▶ [EXERCISE DETAILS]:
From the line containing "oxidized core. |" to the line containing "Breathe Pure, Live" in the entries below, reproduce every line exactly, ends included. Nothing else belongs in the copy, and no pictures.

▶ [DATA EXCERPTS]:
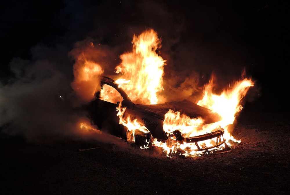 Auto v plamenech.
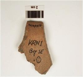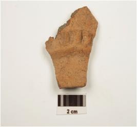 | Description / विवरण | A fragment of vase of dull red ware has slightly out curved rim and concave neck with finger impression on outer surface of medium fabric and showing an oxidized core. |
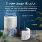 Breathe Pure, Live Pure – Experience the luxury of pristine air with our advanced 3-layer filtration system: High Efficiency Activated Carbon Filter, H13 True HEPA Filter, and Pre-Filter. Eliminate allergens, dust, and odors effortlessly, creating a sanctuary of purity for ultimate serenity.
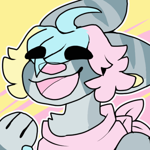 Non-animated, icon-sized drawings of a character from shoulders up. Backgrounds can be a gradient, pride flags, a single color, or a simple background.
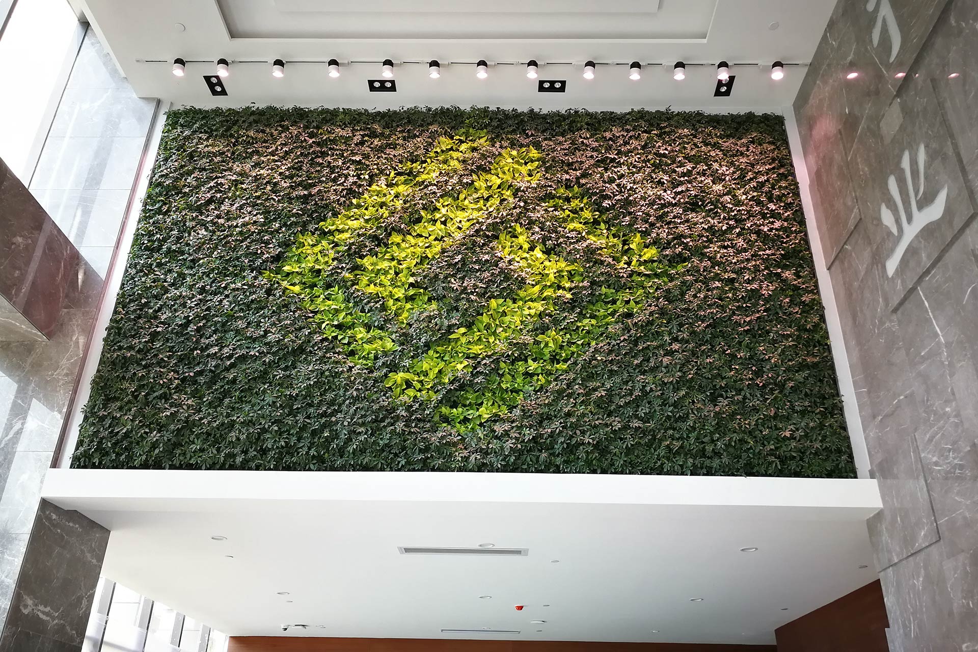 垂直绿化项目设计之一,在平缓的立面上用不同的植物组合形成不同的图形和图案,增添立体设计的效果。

--

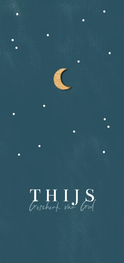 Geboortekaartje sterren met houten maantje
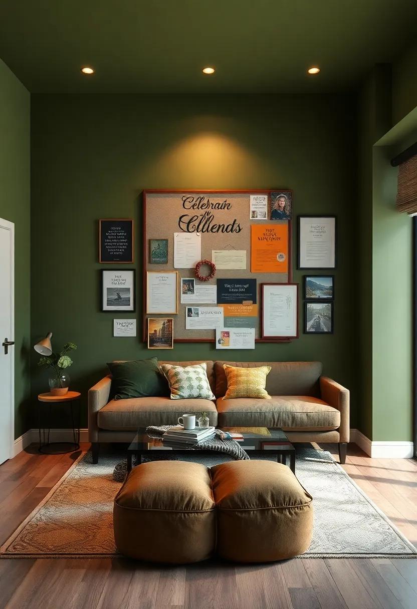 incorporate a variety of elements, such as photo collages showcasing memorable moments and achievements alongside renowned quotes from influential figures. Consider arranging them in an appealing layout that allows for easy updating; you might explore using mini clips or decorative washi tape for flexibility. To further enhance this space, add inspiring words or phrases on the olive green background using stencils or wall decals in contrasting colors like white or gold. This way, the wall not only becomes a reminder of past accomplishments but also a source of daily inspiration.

--

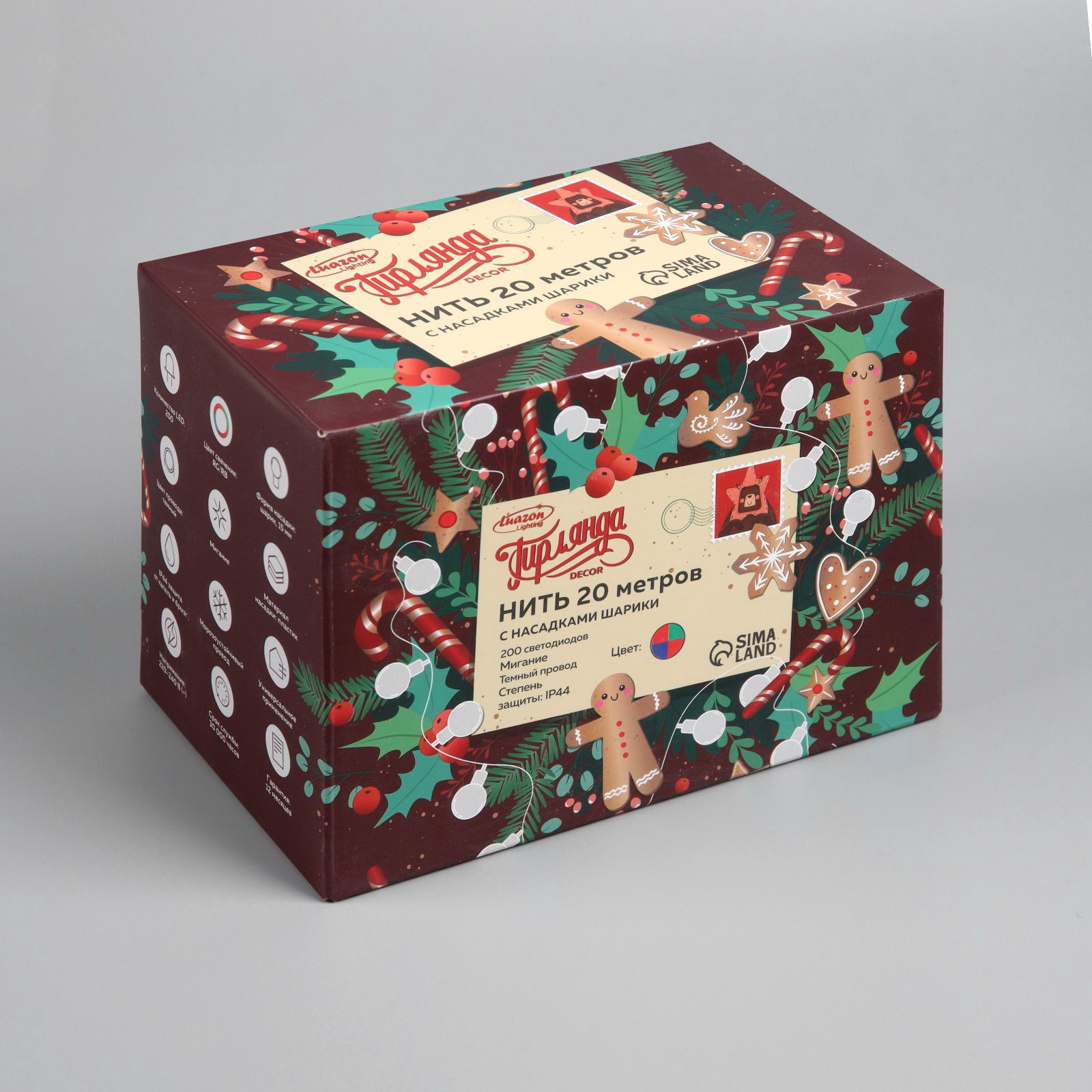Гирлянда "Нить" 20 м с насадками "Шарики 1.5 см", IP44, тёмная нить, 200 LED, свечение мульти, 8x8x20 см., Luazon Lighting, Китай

▶ [WRITTEN ANSWER]:
 | Description / विवरण | A fragment of vase of dull red ware has slightly out curved rim and concave neck with finger impression on outer surface of medium fabric and showing an oxidized core. |
 Breathe Pure, Live Pure – Experience the luxury of pristine air with our advanced 3-layer filtration system: High Efficiency Activated Carbon Filter, H13 True HEPA Filter, and Pre-Filter. Eliminate allergens, dust, and odors effortlessly, creating a sanctuary of purity for ultimate serenity.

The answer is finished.